With 2 of the people I knew - they were both very strong, confident women that took no crap in their lives and yet they had relationships that I couldn't believe they endured.
The common thing they both had was in their childhood. They grew up with abusive fathers.
For them, what was 'normal' was 100% different to what I consider 'normal' in a loving relationship.
I remember having a conversation after the husband had kicked her leg so hard he had burst her varicose vein, I was trying to understand why she was so hesitant in leaving him -it was a 'no-brainer' for me - her mother eventually talked her into to staying with the husband - as she had on previous occasions.
Relationships are very strange and complex and somebody's history and experiences add to the complexities.
I was brought up with an abusive father, there is no way on this earth would I live with an abusive partner as an adult. I have known fear and dont want to ever live like that again.
My Mother told me she couldnt leave, it wasnt so easy to just up sticks and go in those days and so she stayed and lived in fear.
I dont know about anyone else's relationship but I do know fear is a terrible thing and that is why some people stay in the relationship.
Quote by helnheaven
I was brought up with an abusive father, there is no way on this earth would I live with an abusive partner as an adult. I have known fear and dont want to ever live like that again.
My Mother told me she couldnt leave, it wasnt so easy to just up sticks and go in those days and so she stayed and lived in fear.
I dont know about anyone else's relationship but I do know fear is a terrible thing and that is why some people stay in the relationship.

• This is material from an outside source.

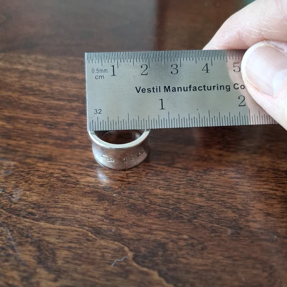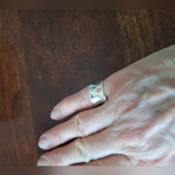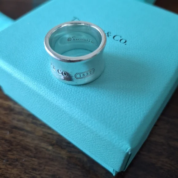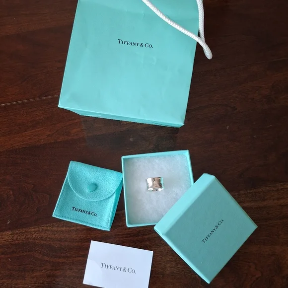 Tiffany 1837 Ring is designed with curves and contours. Modern, yet classic. Size 5-1/2 and band width is .5". Comes with bag, box and pouch as shown in image.

Well said Helnheaven. It's easy to look at things from the outside and have all the answers, but if you're actually involved in the situation things tend not to be that simple.
I have a daughter who has been in an abusive relationship on and off for years. I am at the stage where I am losing patience with her for going back to him all the time. She says she loves him and most of the time it is wonderful but I can't understand it at all.
It makes me really sad and angry , it is so hard watching and waiting for the next slap, knowing that a week later she will be back in his bed.
Quote by foxylady2209
The common factor in almost all abused people is the total loss of all self-esteem. Not just feeling unattractive etc I mean the deep-seated 'knowledge' that there is no way they could EVER function alone. Another theme is that the abuser is the only one willing to put up with such a useless lump of crap (Insert cruel words of your choice).
In some relationships the abuse is purely mental, in others physical abuse seems the main element - but believe me, the mental abuse is ALWAYS there. And the abuse can develop very slowly, so slow that the victim and often their friends aren't aware of it until it's too late. The victim is alone with the abuser, the friends have been driven away and there is (apparently) no way out.
If a guy simply thumps me I would walk away - of course I would. And I could do it easily. But if that thump came after months or years of subtle and constant mental undermining, browbeating and belittling anyone would struggle and many would fail to escape.
That's why people 'put up with' abuse - they totally believe they have no choice.

Without doubt the best answer I have heard on a thread for a long time! That is so perfectly true.x
Quote by welikesinglemen
I have a daughter who has been in an abusive relationship on and off for years. I am at the stage where I am losing patience with her for going back to him all the time.

Its hard as Parents to sit back and say nothing but trust me when I say, one day she will see sense.
All you can do is be there for her when the time comes.
Quote by helnheaven
I have a daughter who has been in an abusive relationship on and off for years. I am at the stage where I am losing patience with her for going back to him all the time.

Its hard as Parents to sit back and say nothing but trust me when I say, one day she will see sense.
All you can do is be there for her when the time comes.
I hope and pray that she sees sense before, like for too many it comes too late.